Smith Point Rescue volunteers assist boaters in distress.

An average year brings about 60 distress calls. Storms, motors that won’t start, crab pots or pound nets tangled in motors can all lead to calls for help. (Courtesy Smith Point Sea Rescue)

June 2024

by Audrey T. Hingley, Contributing Columnist

Headshot of Robert Gwaltney

Robert Gwaltney (Photo by Audrey T. Hingley)

Nonprofit groups are often borne from need, and Reedville’s Smith Point Sea Rescue in Virginia’s Northern Neck is no exception.

In 1973, a father and his two young children were cruising the Little Wicomico River on their way toward the Chesapeake Bay when their boat began to leak and then became partially submerged. The family spent a chilly November night in the Chesapeake Bay near Reedville clinging to the bow, one of the few parts of the craft that was still above the water line, before eventually being rescued.
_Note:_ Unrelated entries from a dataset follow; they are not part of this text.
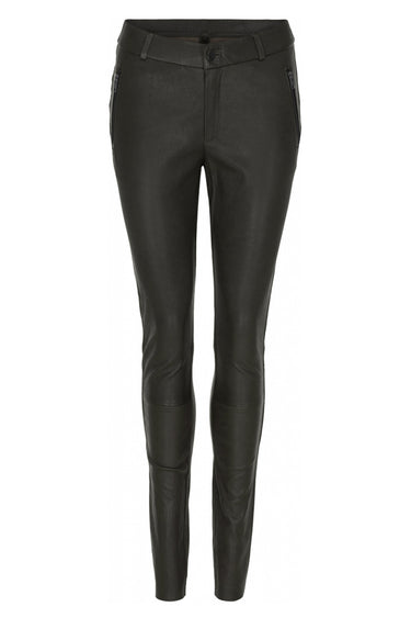 OBS! Fjernlager. Levering kan blive forlænget med 1-2 dage, hvis varen ikke findes i vores butik lige nu.Leggings fra Notyz i smidigt læder med saddle back. Har høj talje, gylp med lynlås og knap. Skrå sidelommer med lynlås. Dekorative sømme under knæene og rå kant forneden.Vær opmærksom på, at materialer af naturlig oprindelse kan variere i farven.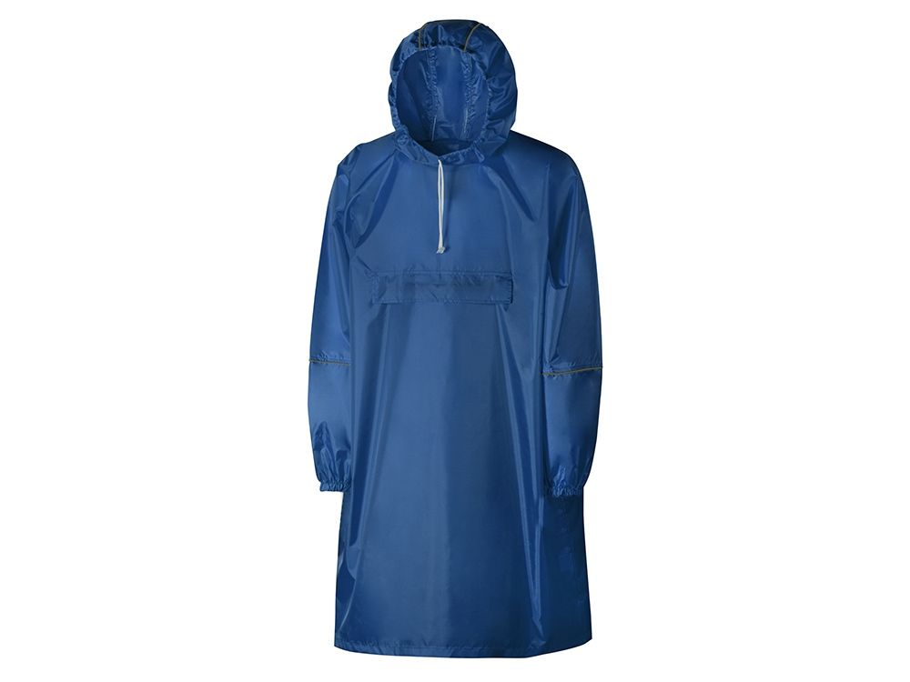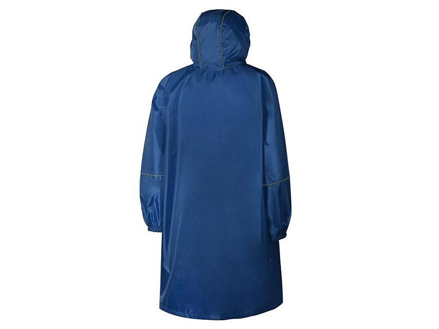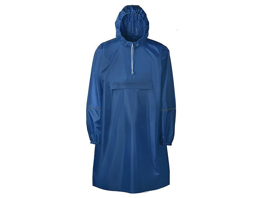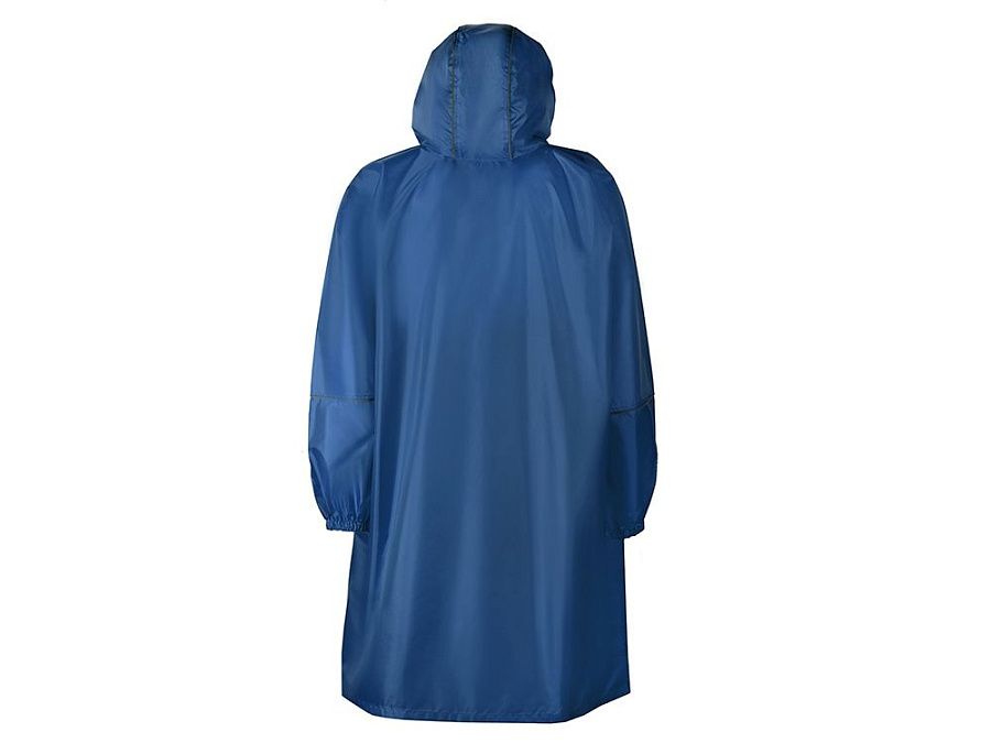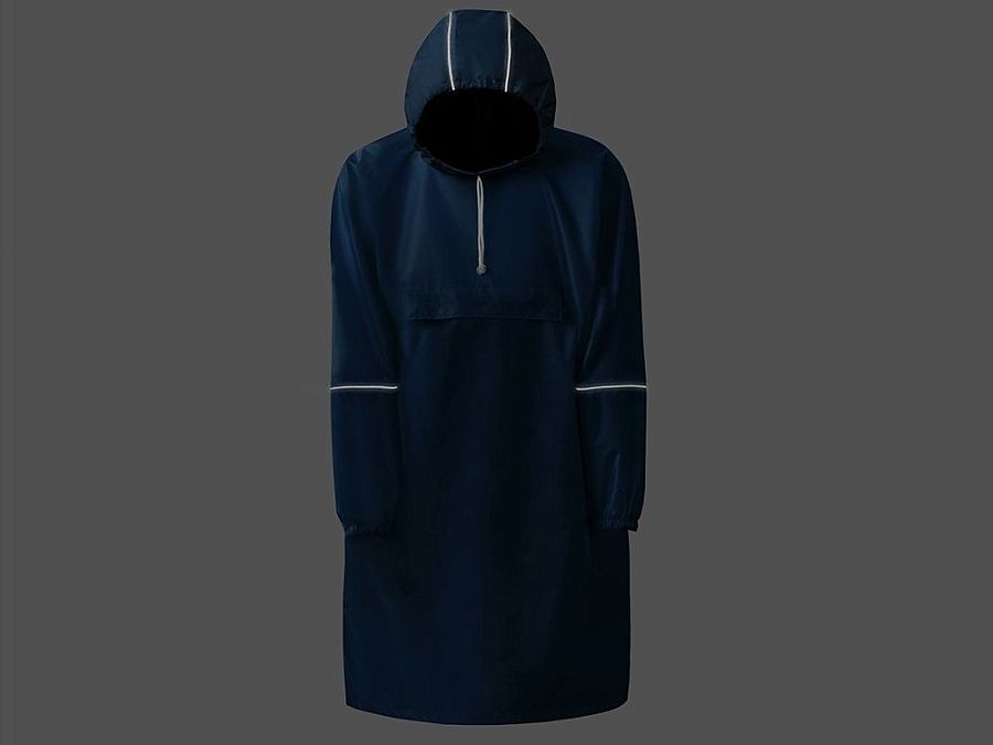 Дождевик - пончо прямого силуэта. Нагрудный карман плаща закрывается на молнию, которая дополнительно защищена клапаном, а еще в него можно полностью убрать дождевик. На дне кармана — ручка-петелька, которая в сложенном виде может использоваться для подвешивания.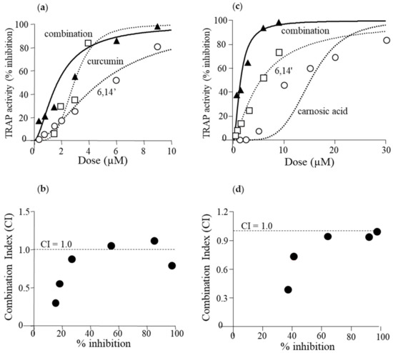 RAW264.7 cells were incubated with combinations of the diapocarotene-dial 6,14′, with the polyphenols curcumin and carnosic acid. At low concentrations of each agent, these combinations produced a synergistic anti-differentiative effect in RANKL-induced cells. Synergistic effects were evaluated using Calcusyn Software for Dose Effect Analysis. Dose effect curves and CI values for the combination of 6,14′ with curcumin (Figure 4a,b) and 6,14′ with carnosic acid (Figure 4c,d) are presented. Most CI values are below 1.0, indicating some synergy at most of the tested concentrations. However, CI values at low concentrations, resulting in 20–40% inhibition, are smaller than 0.5, indicating a strong synergistic effect at concentrations that can be found in human blood.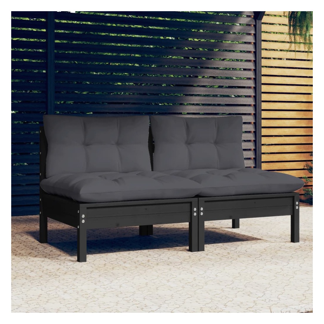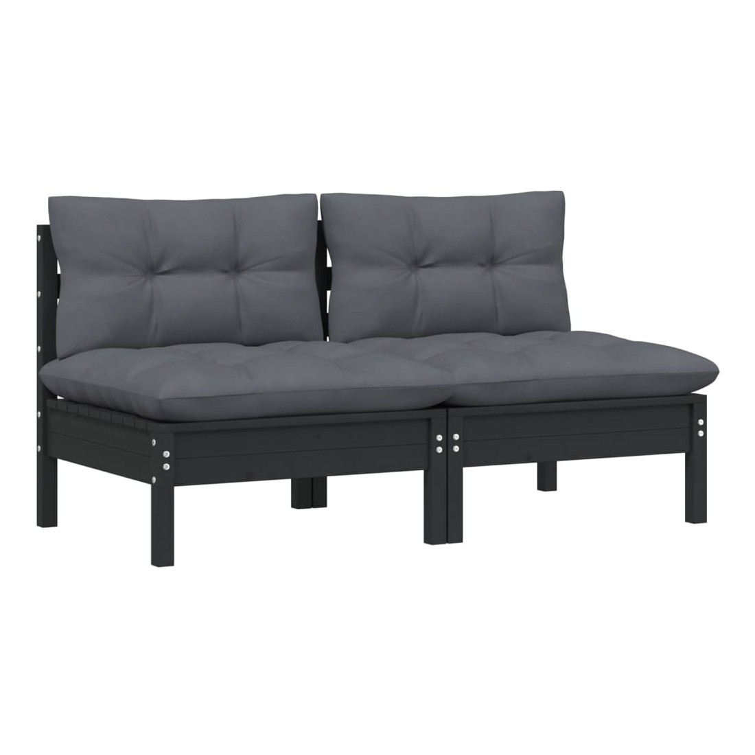 Canapé 2 places de jardin avec coussins anthracite Bois de pin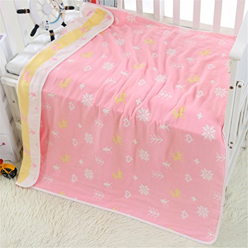 6重ガーゼ ベビーケット 湯上りタオル ひざ掛け 通気性 保温性 優しい肌触り キッズ用ブランケット 毛布 110×110cm (Deer, Pink)

“There were no cellphones and not a lot of [boat] radios back then,” explains Robert Gwaltney, a duty captain with Smith Point Sea Rescue. Gwaltney says that following the rescue, a local physician, Dr. Robert E. Beatley, called the home of Wendell Haynie where the survivors had been taken, and ordered that a tub be filled with hot water for one of the children, whom he determined was suffering from hypothermia.

The incident led Beatley and his wife, Vera, along with residents Dr. Al Hurt, a dentist, and Haynie, to incorporate Sea Point Sea Rescue as a 501(c)(3) nonprofit, all-volunteer organization in 1974. Of the initial group, Julie Pritchard, Smith Point Sea Rescue’s first secretary, and Dr. Hurt remain.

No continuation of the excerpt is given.